Now that it is spring Lupi wants to go to her spot. She often is there in her nest when I am asleep in that side of the bedroom. I have been in the living room with her but last night she goes and knocks on the bedroom door to signal she wants to go outside. It is a tender knock, and I was glad to take a couple of pictures of her during the day on her hill and like the funny hazy one where she seems in an aura. I will need to put her down probably this Thursday. I know she can hang in there and at times I think she wants to but I feel that less so and draining her. I feel like the tumor is taking over her nose, mouth and energy. It is lovely to see her awake this morning and seemingly with her own energy as much as she can muster. How much I will miss not seeing her each day.
Unless you look close and know her muzzle it is hard to tell with all her abundant fur and eager face that her mouth is a total disaster. She looks like she has this open smile and other times a grimace or maybe growling. It has been a terrible disease and yet we have weathered this process and learned how to do this together, how to give to it and let go. I am truly grateful for the herbs and CBD tincture and my ability to keep learning and doing what I can in both worlds.

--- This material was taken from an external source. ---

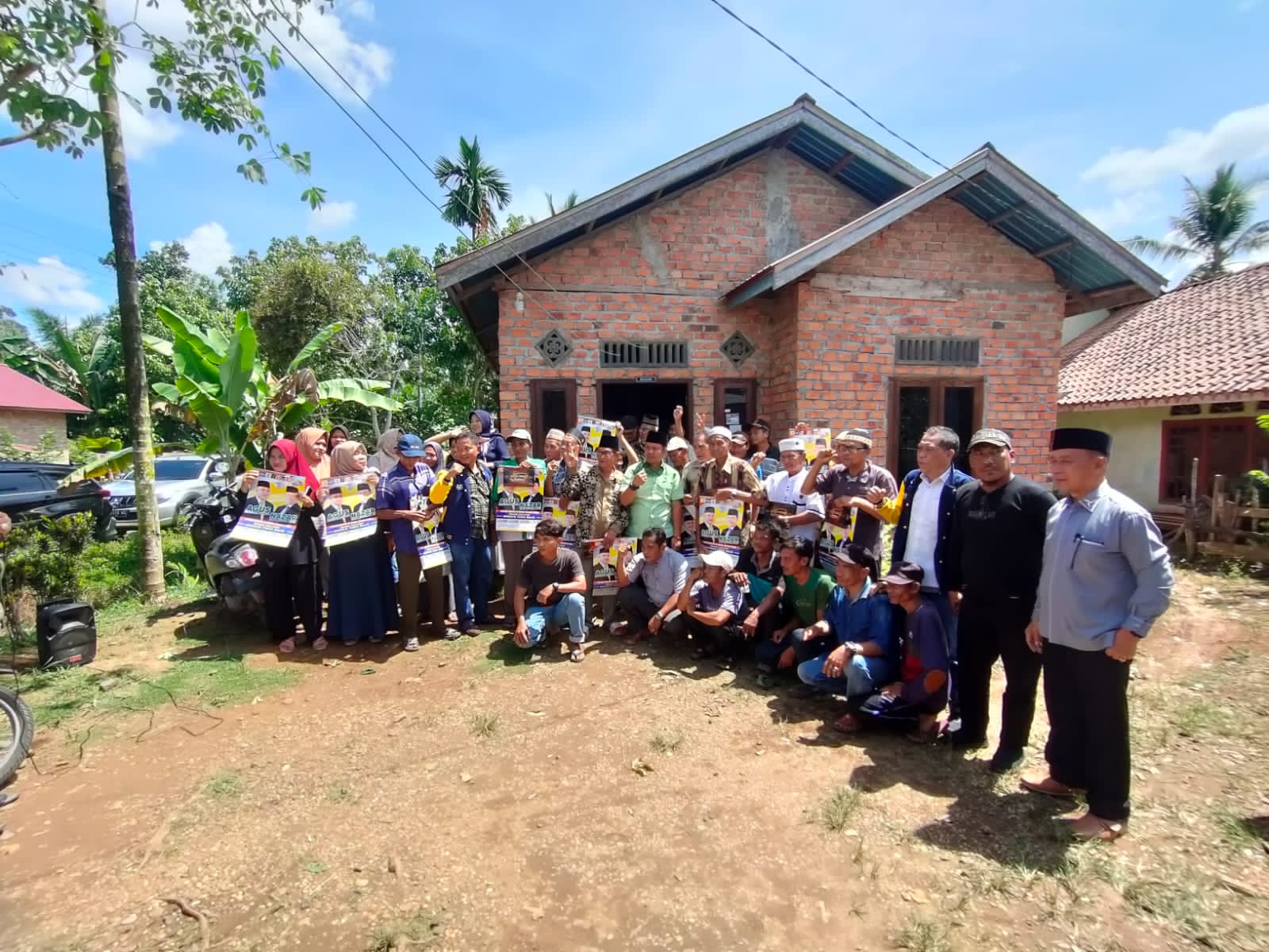 Meski tanpa didampingi Calon Bupati Agus Rubianto, kedatangan Calon Wakil Bupati Nazar Efendi tetap disambut meriah oleh masyarakat Desa Sungai Keruh.

It is difficult that still in health care alternative and medical stay so far apart or the alternative becomes so exclusive people cannot afford the help.I found some kindness from the little herb shop here, and voices on the internet, fellow dog people in Natural Dog Training and of course friends. It is hard to confront death and forever and not trust in the on going-ness of existence.
As my friend’s children have babies and life keeps moving and as long as we are here there is the ability to love, serve and remember.
She is going her own way and defies me to go my own as well. Such is the nature of a teacher they have to kick you off the cushion.